# F-16 vs C-130



## Thorlifter (Feb 17, 2008)

A C-130 was lumbering along when a cocky F-16 flashed by. The jet jockey decided to show off. 

The fighter jock told the C-130 pilot, "Watch this!" and promptly went into a barrel roll followed by a steep climb. He then finished with a sonic boom as he broke the sound barrier. 

The F-16 pilot asked the C-130 pilot what he thought of that. 

The C-130 pilot said, "That was impressive, but watch this!" 

The C-130 droned along for about 5 minutes and then the C-130 pilot came back on and said "What did you think of that?" 

Puzzled, the F-1 6 pilot asked, "What the hell did you do?" 

The C-1 30 pilot chuckled. "I stood up, stretched my legs, went to the back, took a leak then got a cup of coffee and a cinnamon bun." 

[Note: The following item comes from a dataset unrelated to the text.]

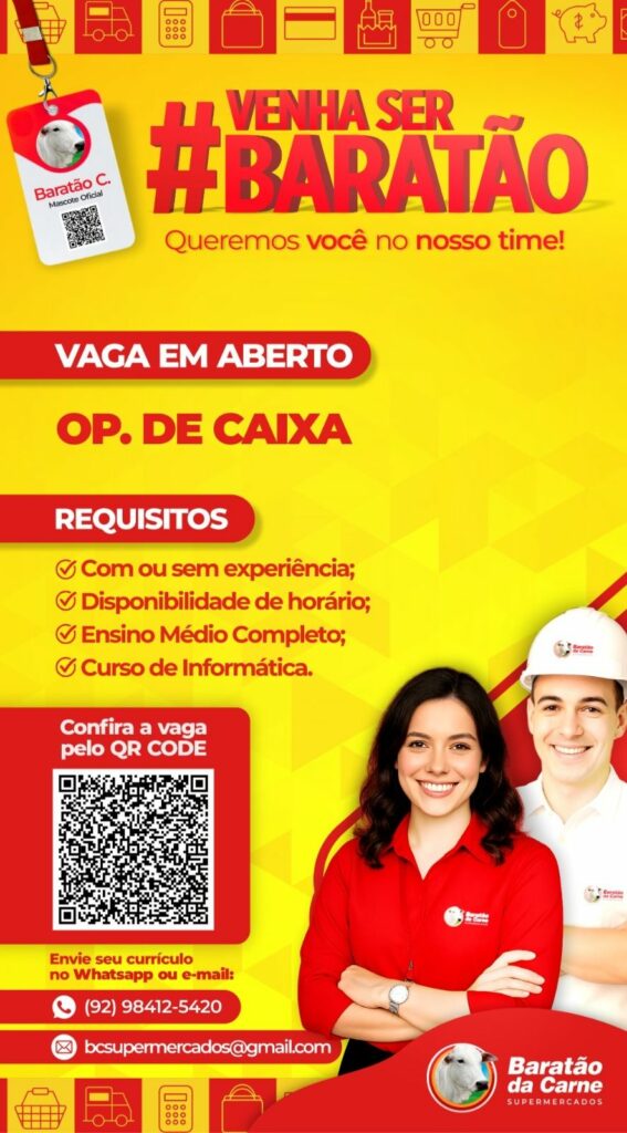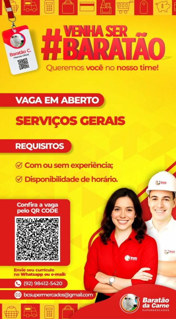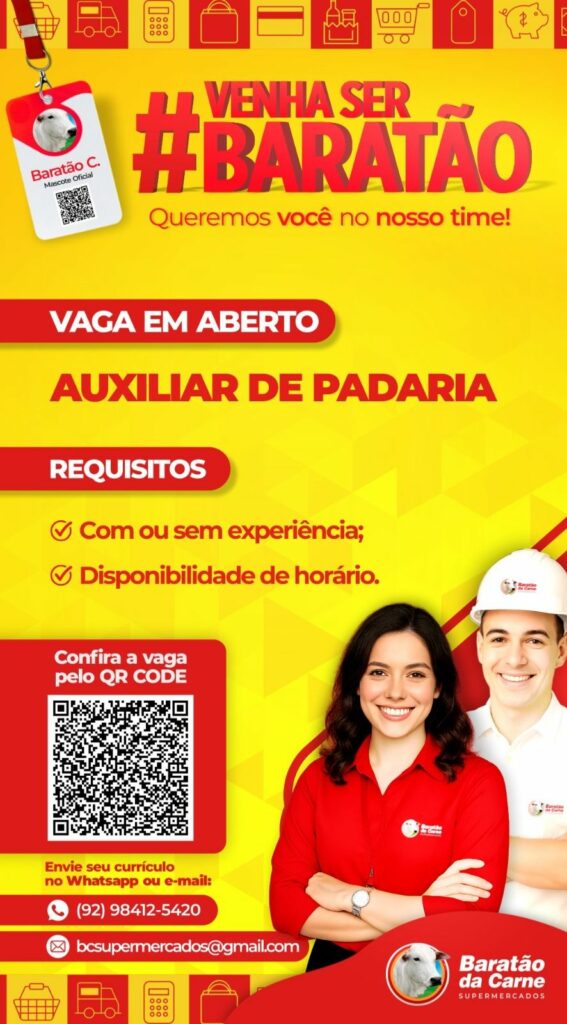Com ou sem experiência! Baratão da carne está selecionando Serviços Gerais, Repositor Hortifruti, Empacotador / Repositor, Operador de caixa, Auxiliar de padaria, Auxiliar de cozinha; Envie seu currículo!

When you are young and foolish - speed and flashy may be a good thing. When you get older and much wiser, comfort and dull are not such bad attributes to have around, now are they?


----------



## DerAdlerIstGelandet (Feb 17, 2008)

Yeah I heard this one years ago.

The Chinook guys used to even change the aircraft to a Chinook and a Blackhawk and mess with us.


----------



## Lucky13 (Feb 17, 2008)

Good stuff though fellas!


----------



## Heinz (Feb 18, 2008)

I like it!


----------